3.3 Mode and passband data format
The mode is set with command $01 or $06. The mode is defined by the first data byte following the command and can by followed by a filter width setting (see below).
| $FE | $FE | to | fm | $06 | $01 | $FD |
In commands $01 and $06 (and some extended commands) where the mode is set or read, the following values are used:
| Mode | Data | Comment |
|---|---|---|
| LSB | $00 | |
| USB | $01 | |
| AM | $02 | |
| CW | $03 | |
| RTTY (FSK) | $04 | FM on IC-910 |
| FM | $05 | |
| Wide FM | $06 | IC-706xxx, IC-R8500, IC-R20 |
| CW-R | $07 | CW reverse sideband |
| RTTY-R | $08 | RTTY reverse sideband |
| S-AM | $11 | Synchronous AM detection, IC-R75 |
| PSK | $12 | PSK31, IC-7800 only |
| PSK-R | $12 | PSK31, IC-7800 only, reverse sideband |
| SSB | $0500 | IC-R7000 only, USB/LSB is selected via front switch |
- Of course not all modes are available on all rigs
- The codes for the mode in extended commands $1A (IF filter setting) can differ from this table.

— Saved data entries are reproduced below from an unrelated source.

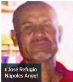
José Refugio Nápoles Ángel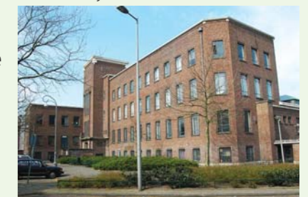
SMART/ PAL 2008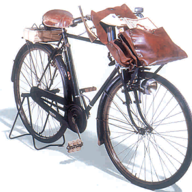
Bicicletta per postino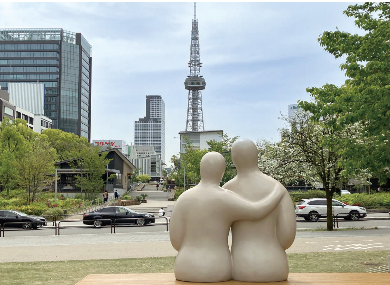
MIRAI TOWER(Hisaya-odori Park/名古屋市中区)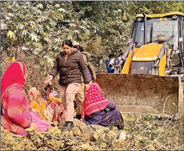
बुलडोजर के सामने बैठी महिलाएं।

अमृत विचार। आवास विकास परिषद ने सोमवार को हिंदुस्तान पेट्रोलियम कारपोरेशन को आवंटित की गई 7597 वर्गमीटर जमीन विरोध के बीच खाली करा दी। अवैध कब्जेदार काफी समय से यहां बसे थे, जिससे आवास विकास मूल आवंटों को कब्जा नहीं दे पा रहा था। सोमवार को जैसे ही आवास विकास का बुलडोजर पहुंचा अनाधिकृत रूप से रह रहे लोगों ने विरोध शुरू कर दिया, कुछ महिलाएं दस्ते से भिड़ गई, और बुलडोजर के सामने बैठ गई। इस दौरान दस्ते के साथ पुलिस ने मोर्चा संभाला और विरोध करने वालों को खदेड़ दिया। आवास विकास परिषद कानपुर की अम्बेडकरपुरम योजना संख्या 3 में संस्थागत भूखण्ड संख्या 2/आईएनएस-1 हिंदुस्तान पेट्रोलियम कारपोरेशन को आवंटित की गई थी। 7597 वर्गमीटर जमीन पर अनाधिकृत रूप से कब्जेदार रह रहे थे। जिससे परिषद आवंटों को जमीन का कब्जा नहीं दे पा रहा था।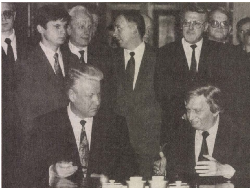
Borisz Jelcin és Antall József 1992. november 11-én. [2]

Dokumentumaink elsődleges kontextusa és kiindulópontja Borisz Jelcin fent már említett 1992. november 11–12-i hivatalos magyarországi vizitjének háttére, annak történései és főbb konzekvenciái. Sáringer János monumentális diplomáciatörténeti sorozatának III/2. számú kötetében közli az Antall József magyar miniszterelnök és Borisz Jelcin közötti november 12-i kétoldali megbeszéléséről készített feljegyzést. A magyar kormányfő a tárgyalás legvégére hagyva hozta fel, hogy kötelességének érzi átadni az orosz államelnök számára a Bajcsy-Zsilinszky Társaság (BZST) által utóbbi nevére címzett memorandumát, melyben az 1946-ban egy moszkvai börtönben elhunyt Bethlen István földi maradványai hazaszállításának az elősegítését kéri az orosz féltől. Még annyit elmondott, hogy tudomása szerint Bethlent a Lubjankán tartották fogva, s haláláról az 1947-től 1956-ig ugyanott sínylődő Kovács Béla tudósította őket. [4] Elég eklatánsan jellemzi a deszovjetizáció mellett elkötelezett Jelcin habitusát és gondolkodásmódját, hogy mérlegelés nélkül megígérte a segítségét, sőt, kommentálta is a felvetést. Kijelentette, hogy megítélése szerint azt sem lehet kizárni, hogy Bethlent kivégezték, [5] vagyis azt insznuálta, hogy a két világháború közötti magyar politikai élet „Grand Old Man”-je a sztálini represszió áldozata lett.

- Data modes (LSB-D, USB-D, AM-D, FM-D) which are available since the IC-756Pro and later rigs are not accessible through the mode command, only through special commands which turn data mode on and off ($1A $06). The memories also have the capability to store data modes.
- The SSB command for the IC-R7000 really uses two bytes.

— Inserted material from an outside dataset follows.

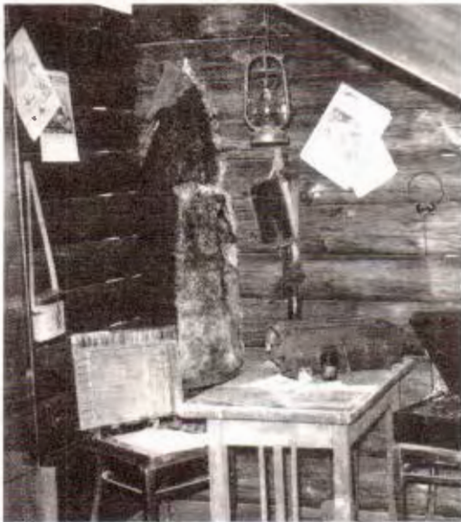
Партызанская друкарня. Куток экспазіцыі Случкага краязнаўчага музея.

Для выданняў партызанскіх друкарняў выкарыстоўвалася любая папера. На звычайным лістку вучнёўскага сшытка надрукаваны быў зварот «Да моладзі Грэскага раёна», а на вокладцы сшытка — лістоўка «Моладзь Случчыны». Пускаліся ў ход абгортачная папера, шпалеры, розныя бланкі і г.д.

- Surprisingly the IC-7000 does not list WFM as a possible mode. I haven't had time yet to check if WFM is selectable by CI-V commands.
Passband data (filter width)
Mode and passband data are always transmitted together in the same command, although the passband data can be omitted. So the mode can be set without sending additional passband data, but to send passband information, the mode has to be sent always together with passband data.
| $FE | $FE | to | fm | $06 | $01 | $02 | $FD |
The passband data (IF bandwidth) is:
| Filter setting | Value |
|---|---|
| Wide | $01 |
| Medium/Normal | $02 |
| Narrow | $03 |
Due to historical reasons the filter settings are somewhat confusing. The original CI-V protocol initially had only two settings for filter width: normal and narrow. When newer rigs came out, supporting three settings (wide, normal, narrow) the codes for the filter width had to be extended.
This leads to some confusion about which value sets which filter, further aggravated by erroneous documentation (e.g. IC-R75). And when looking at the DSP-filter rigs like IC-756Pro ff., where the user can define and arrange each of the three filters individually, the settings of 'wide' or 'narrow' become meaningless. Here a filter value of $01 corresponds to filter 1, value $02 to filter 2 and $03 to filter 3, regardless of whether filter 1 is acutally wider than filter 2 or 3.
Formerly only $01 and $02 were used for wide and narrow, medium/normal was introduced later and the data rearranged. So it can happen that 'narrow' on older rigs is programmed using $02, on other, newer rigs as $03.
Note: Please note that when omitting the filter value from this command, the results can be unexpected. I recently discovered that the IC-R8500 switches to 'wide' filter when issueing the command without filter value (for AM). On my IC-756Pro3 and the IC-R75 the filter is always set to 'Normal' when missing.